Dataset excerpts
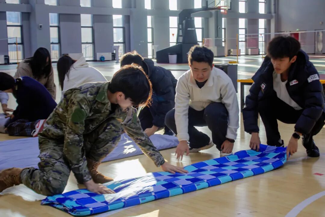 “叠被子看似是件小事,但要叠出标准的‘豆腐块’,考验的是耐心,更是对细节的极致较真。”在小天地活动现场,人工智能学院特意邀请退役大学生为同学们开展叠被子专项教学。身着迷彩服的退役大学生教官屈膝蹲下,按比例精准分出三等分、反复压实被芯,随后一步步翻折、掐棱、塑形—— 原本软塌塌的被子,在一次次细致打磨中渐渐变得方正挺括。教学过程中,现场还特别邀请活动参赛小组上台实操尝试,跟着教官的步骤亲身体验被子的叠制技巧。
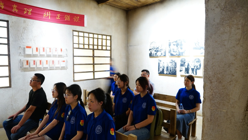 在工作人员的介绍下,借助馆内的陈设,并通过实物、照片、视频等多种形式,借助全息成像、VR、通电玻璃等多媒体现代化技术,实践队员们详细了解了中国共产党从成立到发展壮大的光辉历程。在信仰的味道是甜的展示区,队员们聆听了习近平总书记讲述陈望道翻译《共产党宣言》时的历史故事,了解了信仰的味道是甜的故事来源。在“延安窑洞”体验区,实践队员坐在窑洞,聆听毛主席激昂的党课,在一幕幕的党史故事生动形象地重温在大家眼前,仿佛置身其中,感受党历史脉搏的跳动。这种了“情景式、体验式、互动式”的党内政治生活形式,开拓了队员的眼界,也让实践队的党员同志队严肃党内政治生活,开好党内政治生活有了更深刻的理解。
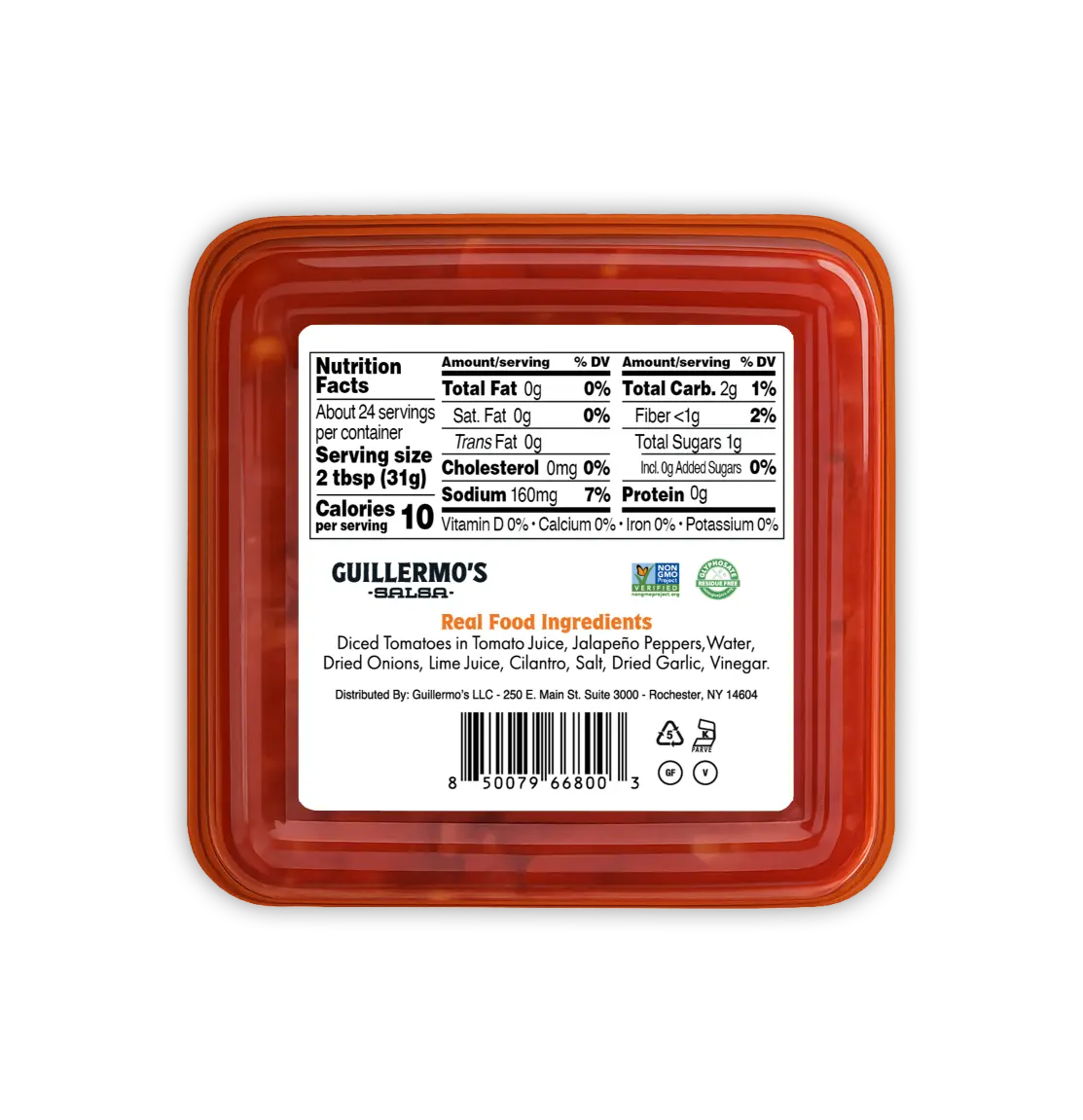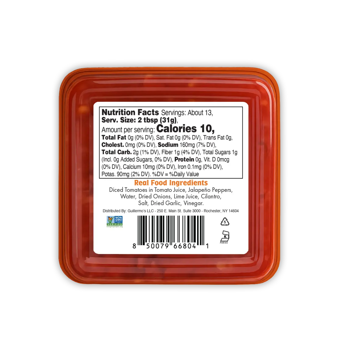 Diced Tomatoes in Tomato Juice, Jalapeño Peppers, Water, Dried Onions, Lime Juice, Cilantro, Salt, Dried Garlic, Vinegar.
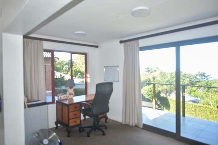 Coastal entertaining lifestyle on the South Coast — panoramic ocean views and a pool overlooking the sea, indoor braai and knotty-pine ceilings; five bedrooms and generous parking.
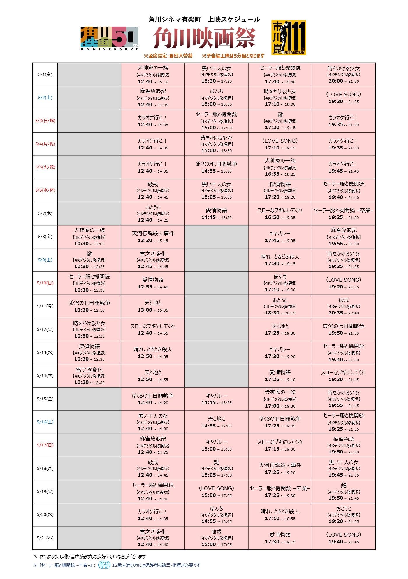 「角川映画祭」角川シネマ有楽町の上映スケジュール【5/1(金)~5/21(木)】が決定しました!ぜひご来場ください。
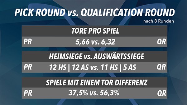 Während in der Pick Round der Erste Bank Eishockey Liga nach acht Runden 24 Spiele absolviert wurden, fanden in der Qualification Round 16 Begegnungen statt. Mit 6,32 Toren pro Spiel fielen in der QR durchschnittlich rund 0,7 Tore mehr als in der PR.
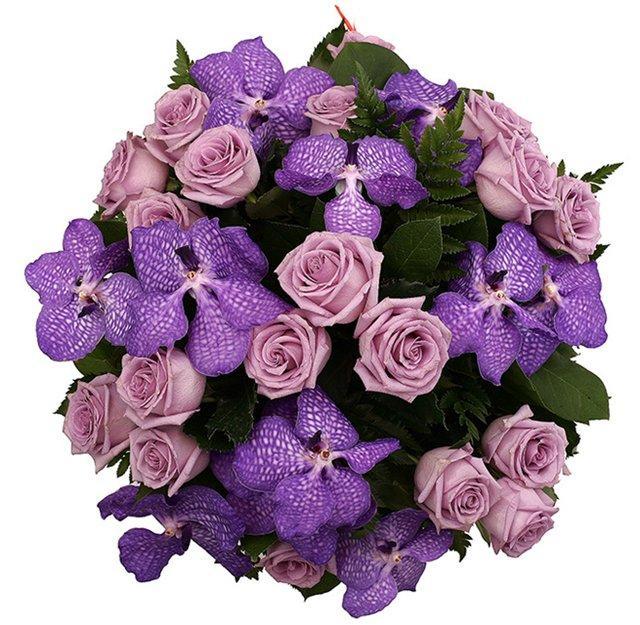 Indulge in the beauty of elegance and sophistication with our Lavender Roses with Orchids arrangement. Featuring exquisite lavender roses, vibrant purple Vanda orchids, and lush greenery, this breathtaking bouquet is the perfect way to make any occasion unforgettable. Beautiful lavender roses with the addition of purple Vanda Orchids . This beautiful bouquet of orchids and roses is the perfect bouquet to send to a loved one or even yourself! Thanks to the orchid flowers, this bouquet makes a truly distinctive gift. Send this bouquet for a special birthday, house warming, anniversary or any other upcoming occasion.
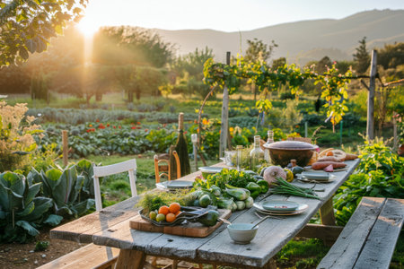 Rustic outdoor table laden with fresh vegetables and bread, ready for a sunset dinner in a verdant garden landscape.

PROBLEM DESCRIPTION = An exact copy is needed of every line from the line containing "Indulge in the" to the last line of the records; pictures stay out of it.

OUTPUT OF THE TASK =
 Indulge in the beauty of elegance and sophistication with our Lavender Roses with Orchids arrangement. Featuring exquisite lavender roses, vibrant purple Vanda orchids, and lush greenery, this breathtaking bouquet is the perfect way to make any occasion unforgettable. Beautiful lavender roses with the addition of purple Vanda Orchids . This beautiful bouquet of orchids and roses is the perfect bouquet to send to a loved one or even yourself! Thanks to the orchid flowers, this bouquet makes a truly distinctive gift. Send this bouquet for a special birthday, house warming, anniversary or any other upcoming occasion.
 Rustic outdoor table laden with fresh vegetables and bread, ready for a sunset dinner in a verdant garden landscape.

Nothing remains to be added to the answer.